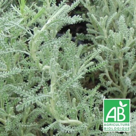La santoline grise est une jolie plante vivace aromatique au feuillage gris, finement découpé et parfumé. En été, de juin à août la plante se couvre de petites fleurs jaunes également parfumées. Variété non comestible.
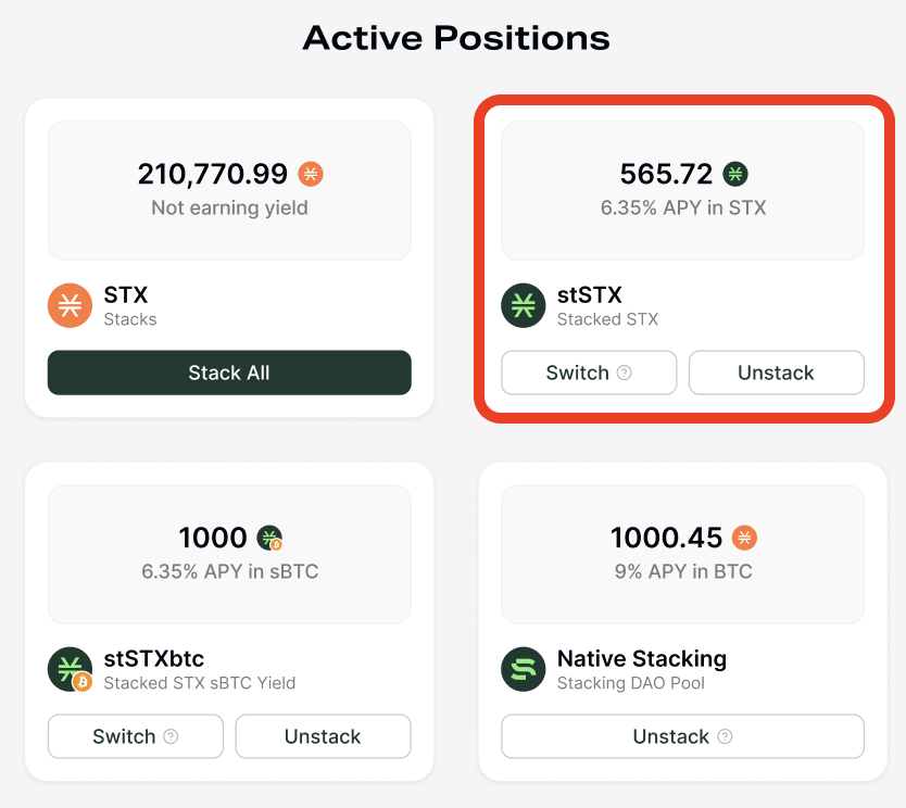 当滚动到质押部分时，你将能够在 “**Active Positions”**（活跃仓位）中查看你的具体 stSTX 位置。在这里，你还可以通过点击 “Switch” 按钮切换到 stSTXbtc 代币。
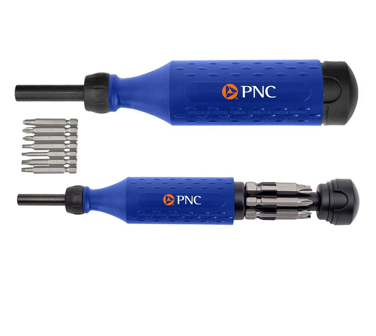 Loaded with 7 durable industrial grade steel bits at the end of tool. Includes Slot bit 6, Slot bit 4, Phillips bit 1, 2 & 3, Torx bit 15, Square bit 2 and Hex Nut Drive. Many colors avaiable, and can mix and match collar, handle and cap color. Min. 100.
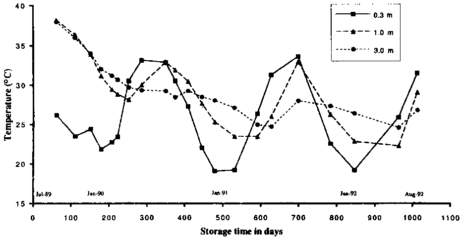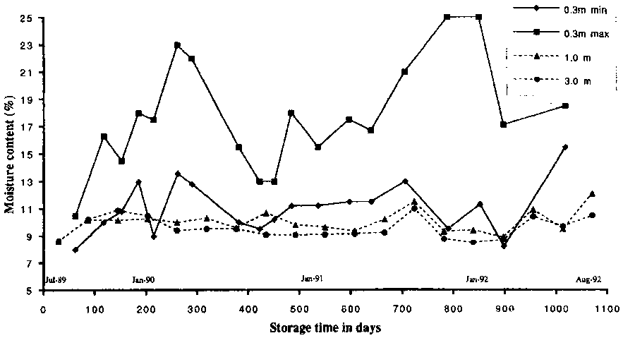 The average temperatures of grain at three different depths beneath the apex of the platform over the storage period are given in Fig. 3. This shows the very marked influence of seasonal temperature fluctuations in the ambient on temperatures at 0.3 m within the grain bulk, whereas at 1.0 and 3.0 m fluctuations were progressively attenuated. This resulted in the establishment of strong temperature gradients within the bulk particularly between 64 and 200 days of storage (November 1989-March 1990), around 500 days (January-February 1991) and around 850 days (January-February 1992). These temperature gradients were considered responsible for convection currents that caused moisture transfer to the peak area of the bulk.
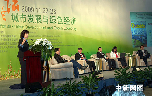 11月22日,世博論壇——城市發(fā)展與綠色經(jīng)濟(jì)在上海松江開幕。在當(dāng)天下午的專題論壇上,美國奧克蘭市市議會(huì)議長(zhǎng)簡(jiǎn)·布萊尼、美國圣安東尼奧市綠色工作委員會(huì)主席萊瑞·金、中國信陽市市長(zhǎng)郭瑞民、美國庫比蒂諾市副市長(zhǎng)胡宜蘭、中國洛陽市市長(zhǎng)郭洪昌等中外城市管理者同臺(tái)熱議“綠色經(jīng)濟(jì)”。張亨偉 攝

◆ ◆ ◆

• _TASK OBJECTIVE_:
Exactly and only the lines from the top of the records down to the line containing "按钮切换到 stSTXbtc 代币。" should be transcribed, please, without the pictures.

• _SOLUTION FOR THIS EXERCISE_:
La santoline grise est une jolie plante vivace aromatique au feuillage gris, finement découpé et parfumé. En été, de juin à août la plante se couvre de petites fleurs jaunes également parfumées. Variété non comestible.
 当滚动到质押部分时，你将能够在 “**Active Positions”**（活跃仓位）中查看你的具体 stSTX 位置。在这里，你还可以通过点击 “Switch” 按钮切换到 stSTXbtc 代币。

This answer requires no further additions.